Knowing Ruth, she’d insist that we share her passion in today’s environment. So look closely at Chattanooga’s neighborhoods, food deserts, schools, and jails and see how inequities and oppression are not just history. Hear the anguish and ask how our dedication to tikkun olam and social justice can make a difference.
I’m sure that each of us can find the passion, humanity, and generosity to make a difference. I personally draw on my family’s legacy. My great great grandfather Simon Swig, who immigrated from Lithuania in 1875 demonstrated activism as the first Jew in the Massachusetts legislature and the Swig family demonstrated generosity by endowing Brandeis University and the Swig summer Camps. Grandpa Myer Malloy, one of Bermuda’s Founding 400, hired the first black woman in a front office on the island. He had the humanity to built the segregated island’s first shopping mall where the black and white communities bordered so both could benefit.
In the next generation, mom passionately pioneered special education and storytelling as a teaching tool. She became the Education Director of Cincinnati’s Rockdale Temple. Dad, who’d been a US military officer assigned to interrogate Nazi prisoners of war, became CFO of HUC and the American Jewish Archives. They taught us about prejudice and I started carrying the lessons forward even as a teen, working with SNCC, Student Non-violent Coordinating Committee, and picketing Chemical Bank for supporting apartheid South Africa.
But dance was my real dream and I choreographed for the high school dance troupe. Fortunately, a friend saw my deeper self and had me volunteer as a dance teacher at a mostly African American school nearby. I taught them ballet. They taught me break dancing and I experienced how creativity opens doors into new worlds. My bachelors degree in anthropology focused on storytelling and cultural expressions.

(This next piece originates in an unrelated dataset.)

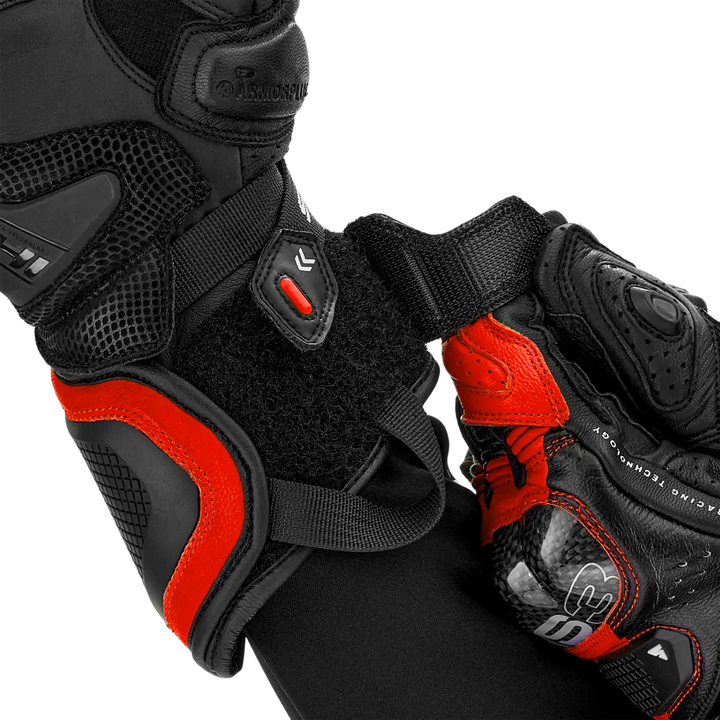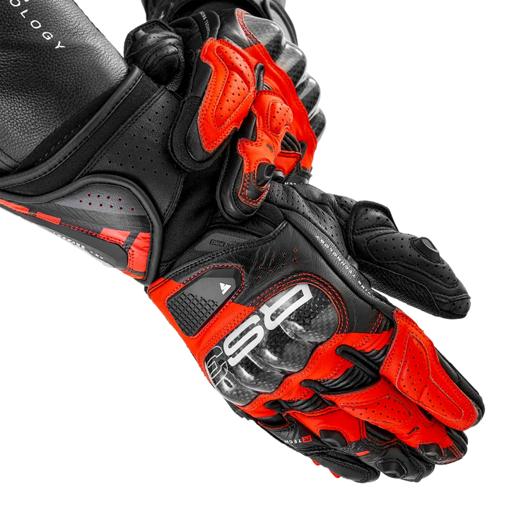 Fatto in pelle di capra E rinforzato con cangurulier nel palmo, combina la durata di RS-3 con l'agilità. Ottieni Cucciolo di linfa nel palmo, Protezione da nocche dura con rinforzo in fibra di carbonio, Mini-slider al mignolo, anche Protezione TPU sulle dita. Schiuma bumping armorplus E le aree rinforzate proteggono dove è più necessario, anche in duro contatto con l'asfalto.

My Urban Planning masters degree focused on the intersection of culture, religion, economics, and community building.
After graduation, I become the interfaith director of Chicago’s American Jewish Committee, and coordinated the National Workshop on Christian Jewish Relations. I was also part of Chicago’s Black-Jewish dialogue. Given the wild environment of Chicago politics, the dialogue was blunt, fierce, and enlightening.

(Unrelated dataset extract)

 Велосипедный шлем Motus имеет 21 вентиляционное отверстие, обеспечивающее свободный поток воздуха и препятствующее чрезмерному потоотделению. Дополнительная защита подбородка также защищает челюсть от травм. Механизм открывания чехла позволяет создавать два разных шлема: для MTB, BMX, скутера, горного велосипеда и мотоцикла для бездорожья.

So thank you Chicago and additional thanks to Tulsa’s Jewish Federation where I joined a commemoration of the Black Wall Street massacre. So how could I not connect with Chattanooga’s African American community when I arrived 23 years ago? It was natural, in addition to joining the ongoing dialogue, to design Federation programs with the Board of Education and Bessie Smith Hall. We arranged for Jewish and African American students to share traditional music and dance on stage. Students from around the county were bussed to Bessie Smith to experience the cultural exchange.

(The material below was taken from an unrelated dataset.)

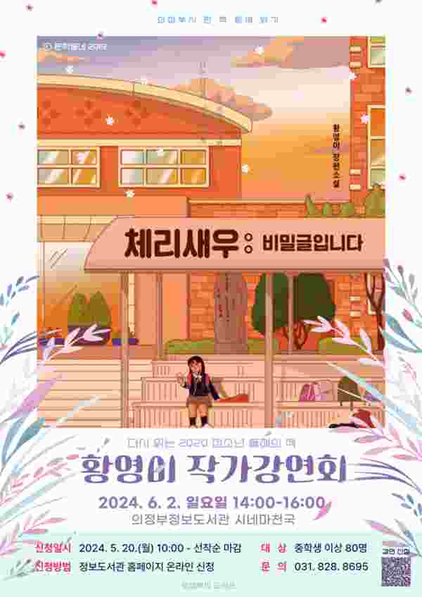 [금요저널] 의정부정보도서관은 ‘다시 읽는 의정부시 올해의 책’의 일환으로 6월 2일 오후 2시 ‘체리새우:비밀글이다’ 황영미 작가강연회를 연다.

We can’t do that project at Bessie Smith again given how Tennessee has become a new hot spot for COVID-19. And an ongoing Black-Jewish dialogue in person isn’t feasible. But cultural exchanges and dialogue are both doable virtually. And that’s what I propose for us, and others, who want to re-initiate connections and relationships between the African American and Jewish communities. If not, then when. If not us, then who?